EDIT: Here is Servae's answer in more detail, but I still couldn't fill all of the details without computational aid:
Lemma: $$[\mathbb{Z}[i]/(13^{2021})]^*=\{a+bi+(13^{2021}) | a+bi+(13)\in [\mathbb{Z}[i]/(13)]^* \:\text{and}\: a,b\in [1,...13] \}+13\mathbb{Z}[i]/(13^{2021})$$ Proof: Indeed, if $a+bi+(13^{2021})\in [\mathbb{Z}[i]/(13^{2021})]^*$, we have:
$$13^{2021}|(a+bi)z-1\Rightarrow 13|(a+bi)z-1\Rightarrow a+bi+(13) \in [\mathbb{Z}[i]/(13)]^*$$
Reciprocally, if we have $a+bi+13x+(13^{2021})$ on the right handside, this is such that $(a+bi)z-1=13k$, we have $(a+bi+13x)z-1=13\hat{k}$ and taking the 2021-th power:
$$(a+bi+13x)Z-1^{2021}=13^{2021}\hat{k}^{2021}\Rightarrow a+bi+13x +(13^{2021})\in [\mathbb{Z}[i]/(13^{2021})]^* \quad \quad \square$$
$13\mathbb{Z}[i]/(13^{2021})$ has $(13^{2020})^2$ elements.

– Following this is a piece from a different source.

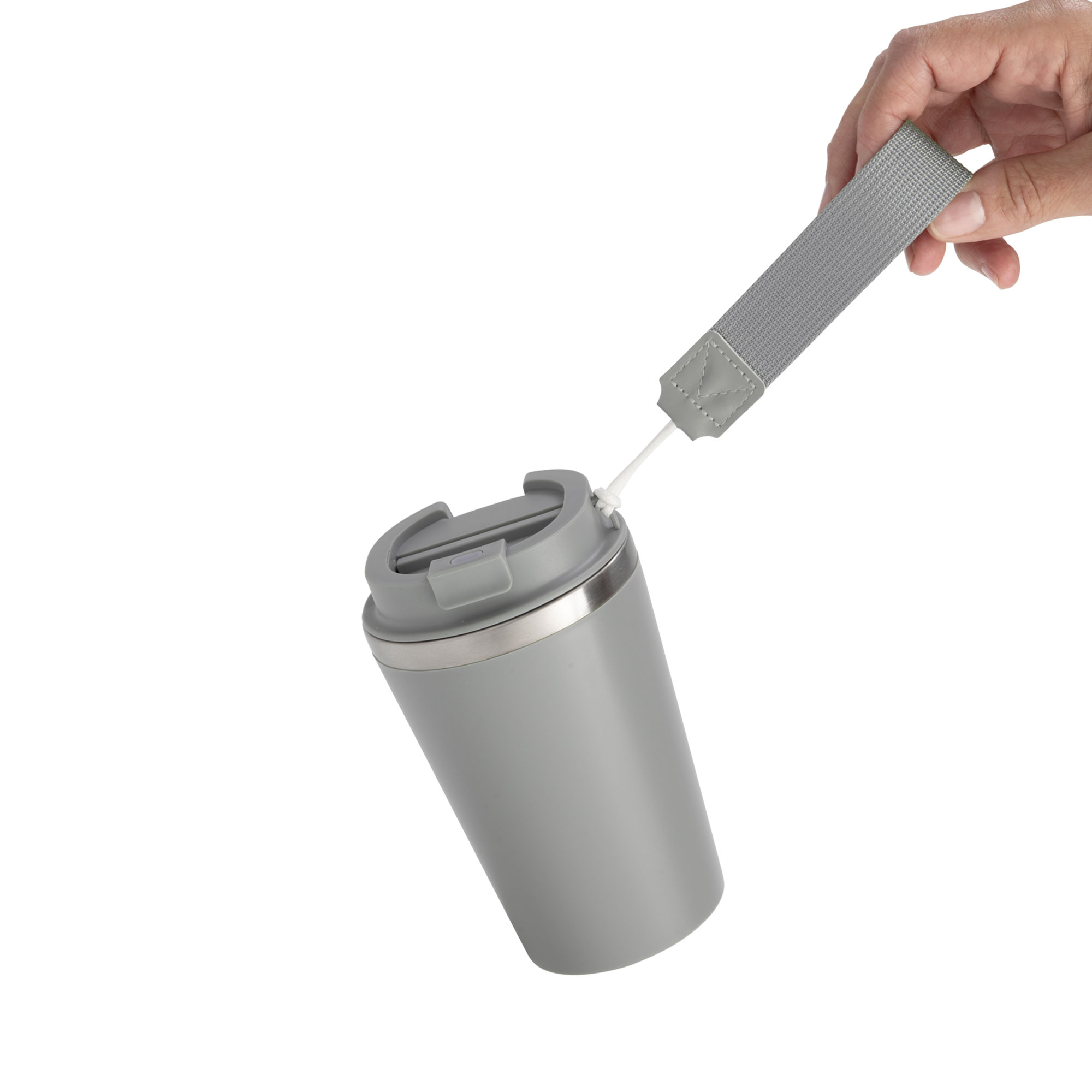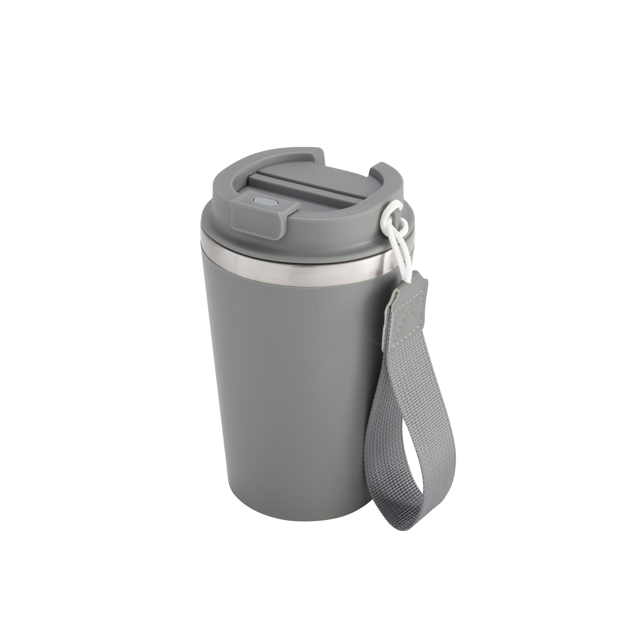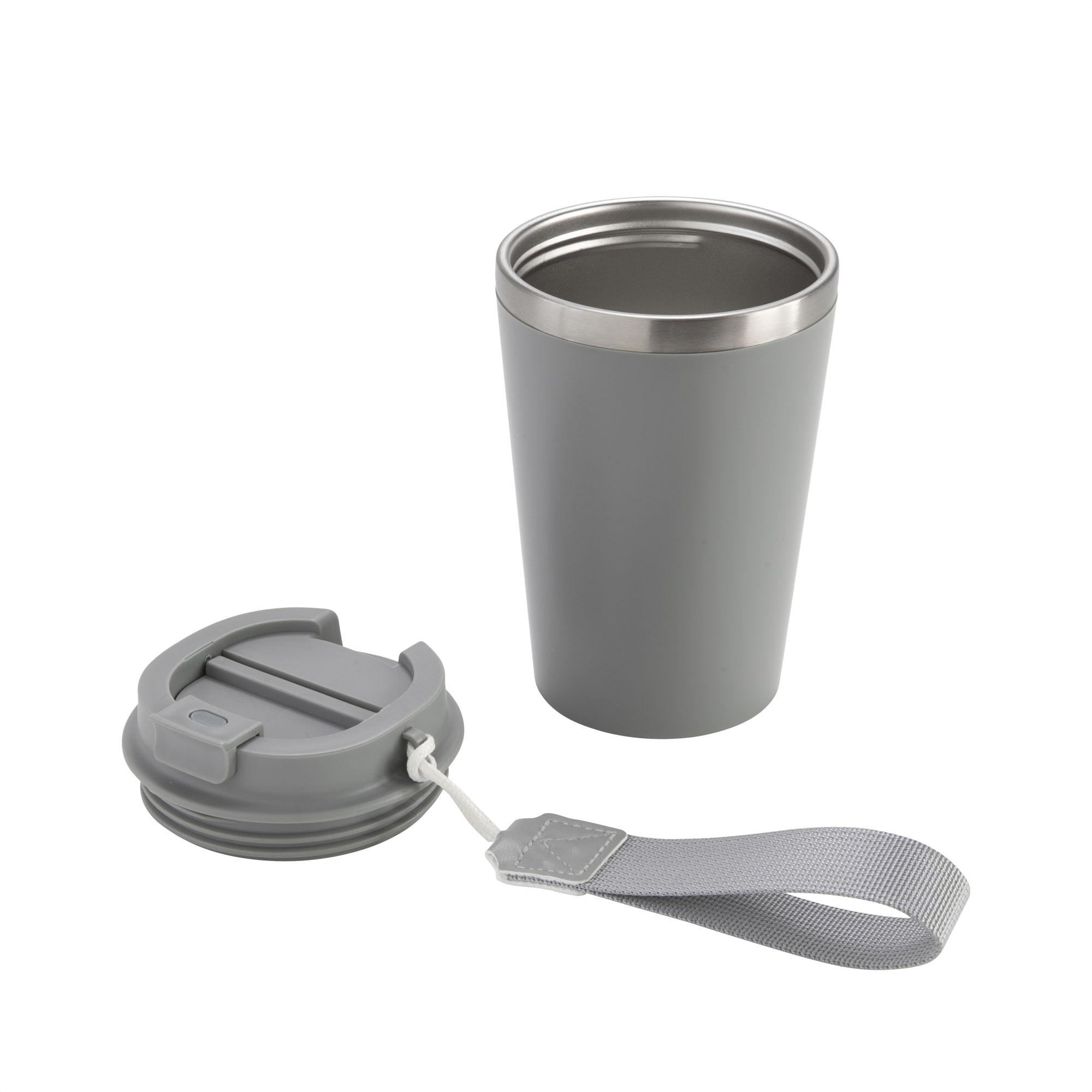 Mug doble pared con asa colgante. Interior de acero inoxidable 304 y exterior de Polipropileno con acabado mate. Tapa a rosca de polipropileno con anillo de silicona y seguro antiderrame del mismo color del mug. Asa de poliuretano y poliéster.

I was only able to count the number of units in $[\mathbb{Z}[i]/13]^*$ numerically. If anyone has a clever argument, I would like to see it. Here is the matlab code if anyone is interested:
close all
clear all
clc
Ziquotient13=[];
k=1;
for l=1:13
for m=1:13
Ziquotient13(k)=l+i*m;
k=k+1;
end
end
units=[];
k=1;
for l1=1:length(Ziquotient13)
for l2=1:length(Ziquotient13)
num=Ziquotient13(l1)*Ziquotient13(l2);
if mod(real(num),13)==1 & mod(imag(num),13)==0
units(k)=Ziquotient13(l1);
k=k+1;
end
end
end
display(length(units))
With this code, $[\mathbb{Z}[i]/13]^*$ has $144$ elements. Hence, there are in total $144\cdot (13^{2020})^2$ units in $\mathbb{Z}[i]/(13^{2021})$
Here is a sketch of an approach that you can make precise yourself: The natural map $$\varphi:\ \Bbb{Z}[i]/(13^n)\ \longrightarrow\ \Bbb{Z}[i]/(13),$$ is a ring homomorphism, so it maps units to units. Its kernel is precisely $13\Bbb{Z}[i]/(13^n)$ so the units are contained in the set $$(\Bbb{Z}[i]/(13))^{\times}+13\Bbb{Z}[i]/(13^n).$$ On the other hand $13\in\Bbb{Z}[i]/(13^n)$ is nilpotent, so if $u\in\Bbb{Z}[i]/(13^n)$ is a unit then so is $u+13x$ for any $x\in\Bbb{Z}[i]/(13^n)$. This shows that $$(\Bbb{Z}[i]/(13^n))^{\times}=(\Bbb{Z}[i]/(13))^{\times}+13\Bbb{Z}[i]/(13^n).$$ Then it remains to determine $(\Bbb{Z}[i]/(13))^{\times}$, which should not be too difficult.